Every 12 months, the Oxford University Press chooses a word that best reflects the mood of the year. Rarely can it have been so on the mark as in the selection of "omnishambles" as its 2012 Word of the Year.

Around the world, there has been ample opportunity to use the word, which was coined by writers of the satirical television show The Thick of It and is defined as "a situation that has been completely mismanaged, characterised by a string of blunders and miscalculations".

OUP might well have been thinking of Britain's gaffe-prone media and, more particularly, the BBC. The latter has stumbled from an appalling failure to report on widespread child sex abuse allegations against one of its biggest stars, Jimmy Savile, to mistaken claims by its marquee news programme that a politician sexually abused children. The word might also have been appropriately applied to the fallout from former CIA Director- General David Petraeus' extramarital affair with his biographer.

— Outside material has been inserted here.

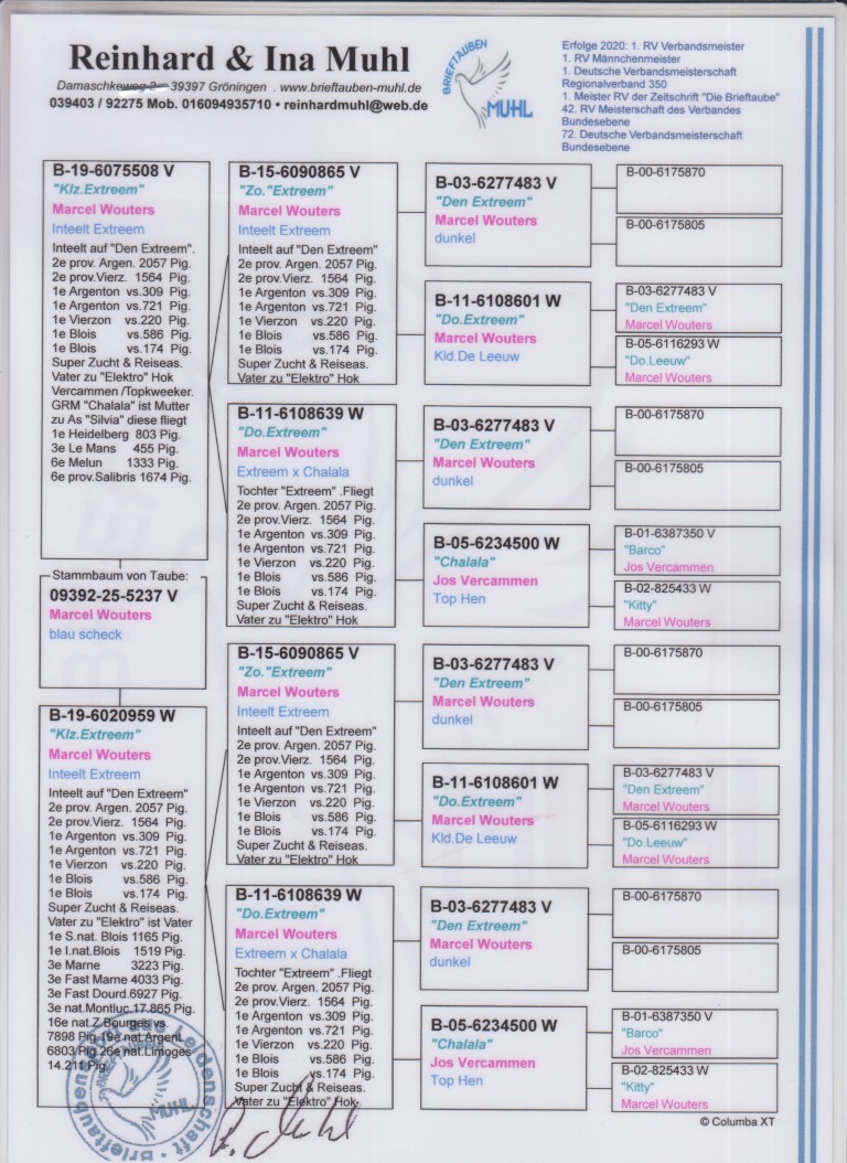 Uit: ”Klz. Extreem”, uit zoon & dochter ”Extreem”, 5x 1. Prijs & Absolute Superkweker, 2. Prov. 2.057 d., 2. Prov. 1.564 d. & vader ”Elektro”, Stamvader Hok Jos Vercammen x ”Klz. Extreem”, uit zoon & dochter ”Extreem”
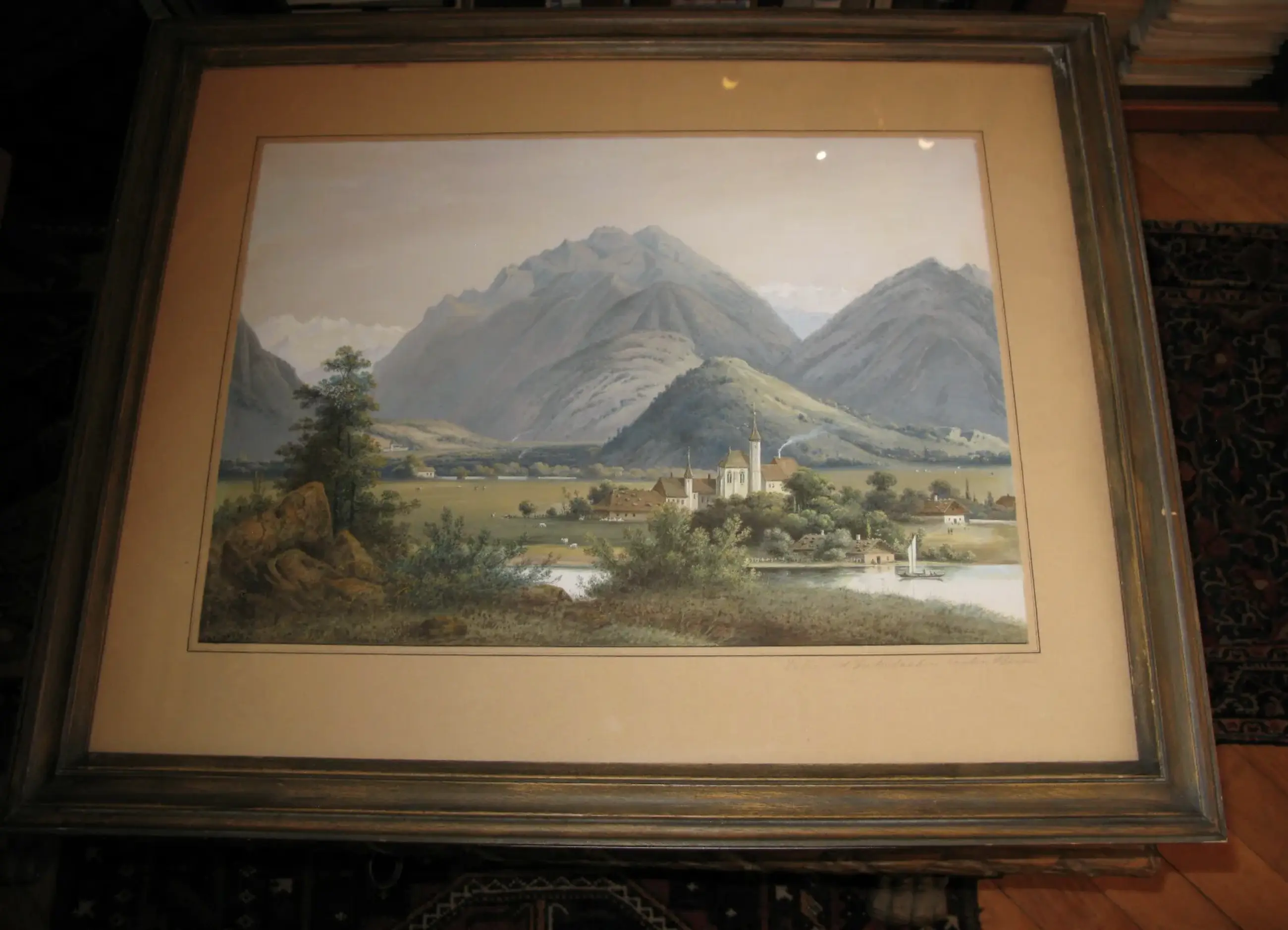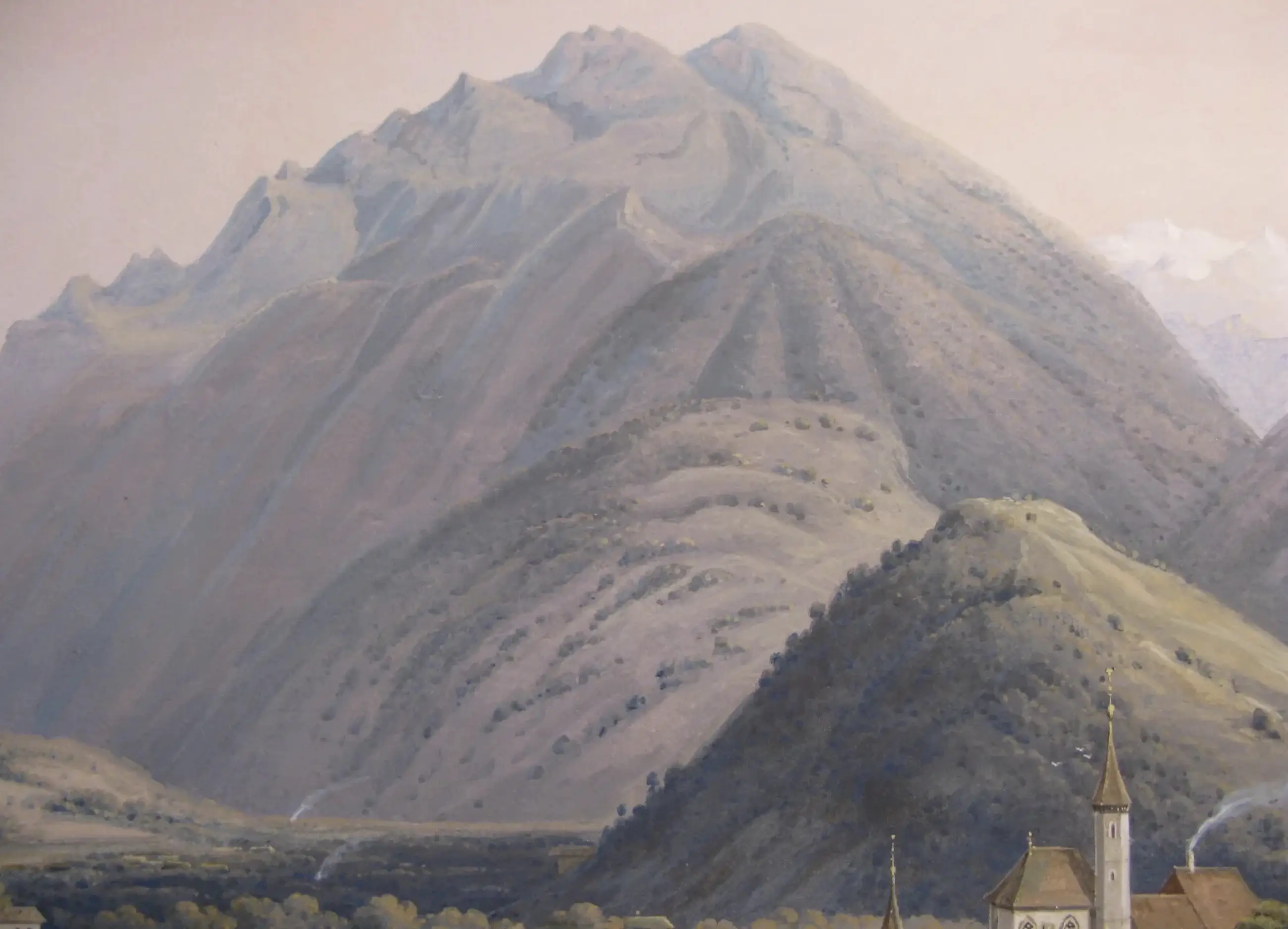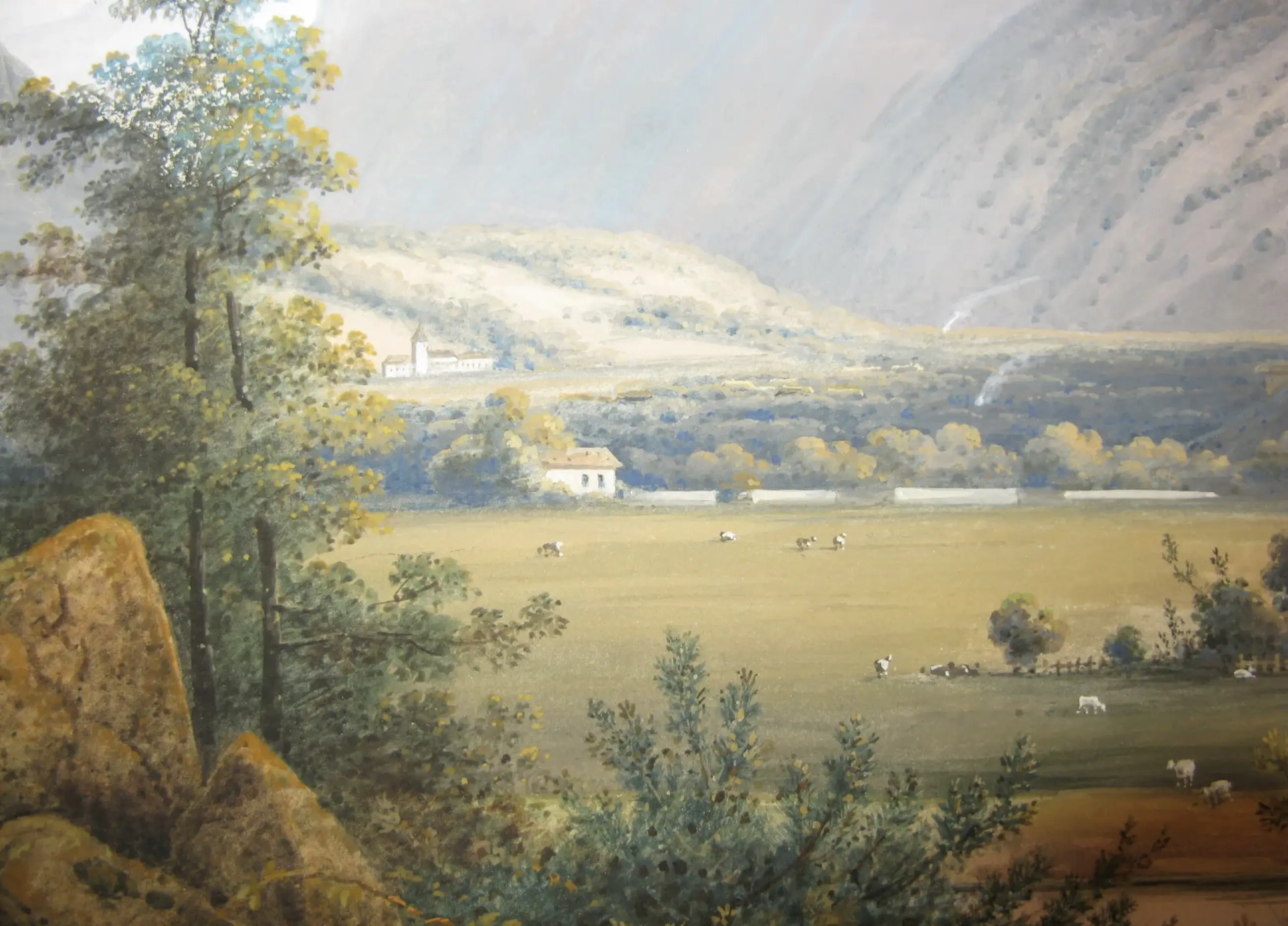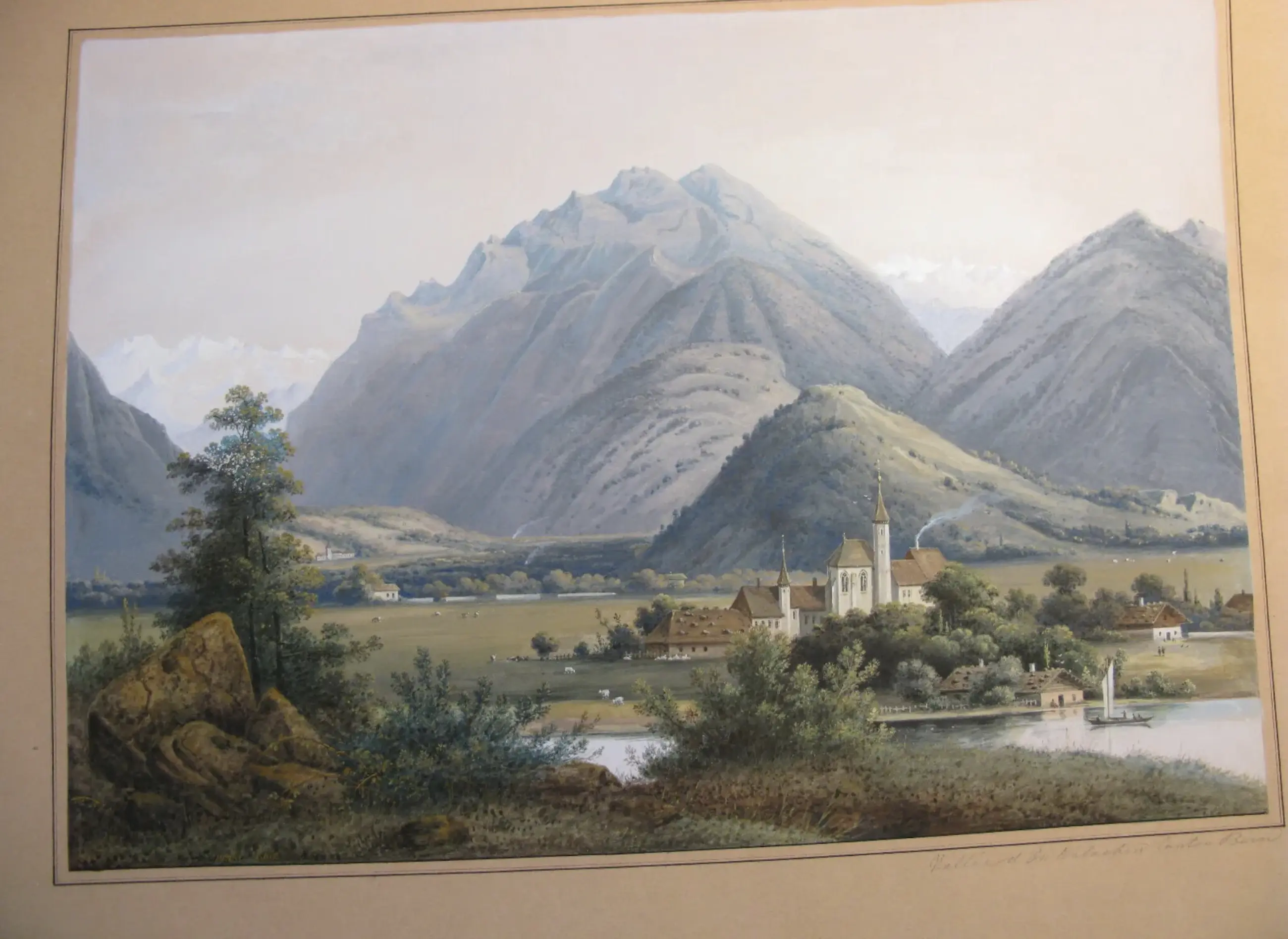 Deze gouache toont op een fraaie manier een berglandschap in de buurt van Interlaken Berner Oberland.

Yet New Zealand also merits more than passing mention in any references to omnishambles. How else to describe the saga of Kim Dotcom, in which no one involved has escaped some sort of dent to their reputation or wellbeing? Or the Government's plan to partly privatise state-owned power companies. Suddenly, the vexing issue of water rights was thrust into the limelight, and the Government's woes multiplied when Rio Tinto started talking of renegotiating the electricity supply to its Tiwai Pt smelter. All in all, an omnishambles indeed.